Return an exact copy of the data, starting at its first line and ending at the line that contains "事实上,《投资时报》研究员注", minus any pictures.

**Exercise data:**
=== Begin Enclosure ===

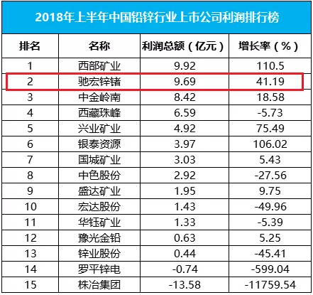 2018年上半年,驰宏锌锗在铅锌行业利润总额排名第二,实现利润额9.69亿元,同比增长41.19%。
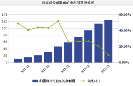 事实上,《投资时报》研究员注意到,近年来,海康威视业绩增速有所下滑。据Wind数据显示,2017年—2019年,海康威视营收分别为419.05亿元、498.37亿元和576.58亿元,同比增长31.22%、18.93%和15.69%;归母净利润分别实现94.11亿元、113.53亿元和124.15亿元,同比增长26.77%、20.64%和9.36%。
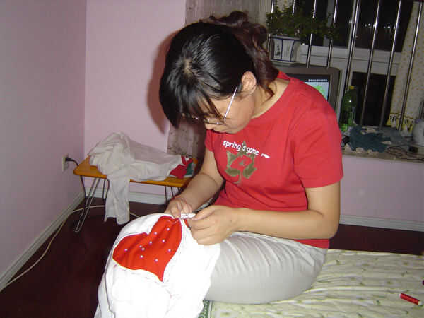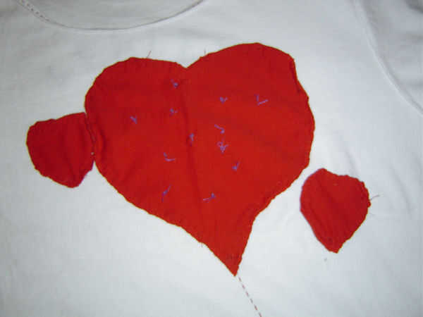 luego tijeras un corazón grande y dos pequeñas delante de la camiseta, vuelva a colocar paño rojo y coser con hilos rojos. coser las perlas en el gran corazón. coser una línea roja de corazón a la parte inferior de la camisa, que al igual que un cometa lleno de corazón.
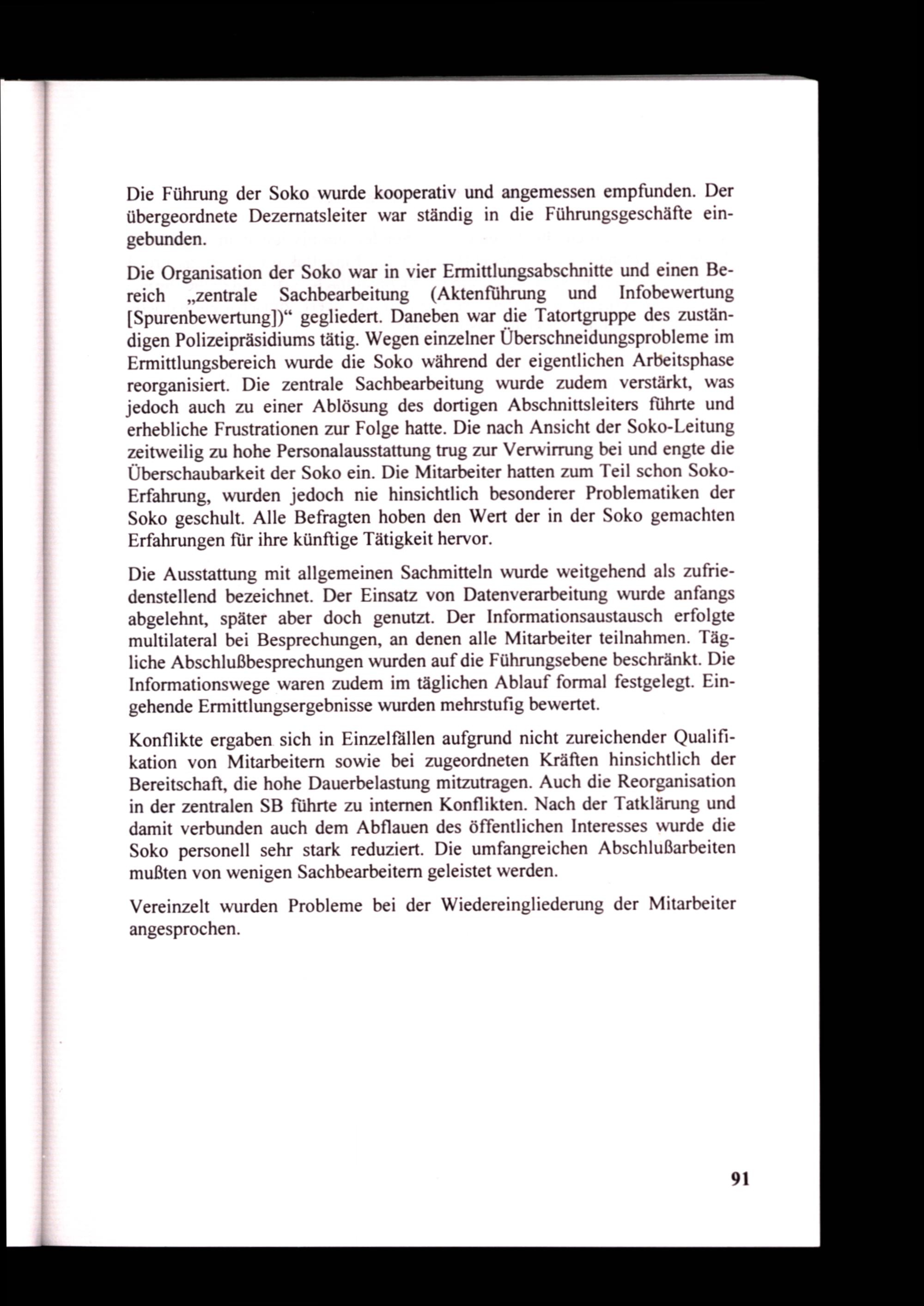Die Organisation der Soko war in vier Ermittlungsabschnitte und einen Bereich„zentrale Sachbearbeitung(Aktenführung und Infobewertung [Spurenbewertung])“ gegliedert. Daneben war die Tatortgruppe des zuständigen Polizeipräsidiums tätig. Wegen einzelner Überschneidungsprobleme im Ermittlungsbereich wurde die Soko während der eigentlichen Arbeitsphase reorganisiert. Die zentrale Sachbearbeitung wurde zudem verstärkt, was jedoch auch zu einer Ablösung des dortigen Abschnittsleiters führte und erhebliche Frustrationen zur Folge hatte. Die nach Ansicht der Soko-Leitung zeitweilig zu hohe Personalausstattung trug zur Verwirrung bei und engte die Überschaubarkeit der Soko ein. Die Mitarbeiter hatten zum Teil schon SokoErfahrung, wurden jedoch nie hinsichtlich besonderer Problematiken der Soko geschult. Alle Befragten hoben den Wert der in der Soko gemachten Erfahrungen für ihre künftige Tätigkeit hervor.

=== End Enclosure ===

**Solution below:**
 2018年上半年,驰宏锌锗在铅锌行业利润总额排名第二,实现利润额9.69亿元,同比增长41.19%。
 事实上,《投资时报》研究员注意到,近年来,海康威视业绩增速有所下滑。据Wind数据显示,2017年—2019年,海康威视营收分别为419.05亿元、498.37亿元和576.58亿元,同比增长31.22%、18.93%和15.69%;归母净利润分别实现94.11亿元、113.53亿元和124.15亿元,同比增长26.77%、20.64%和9.36%。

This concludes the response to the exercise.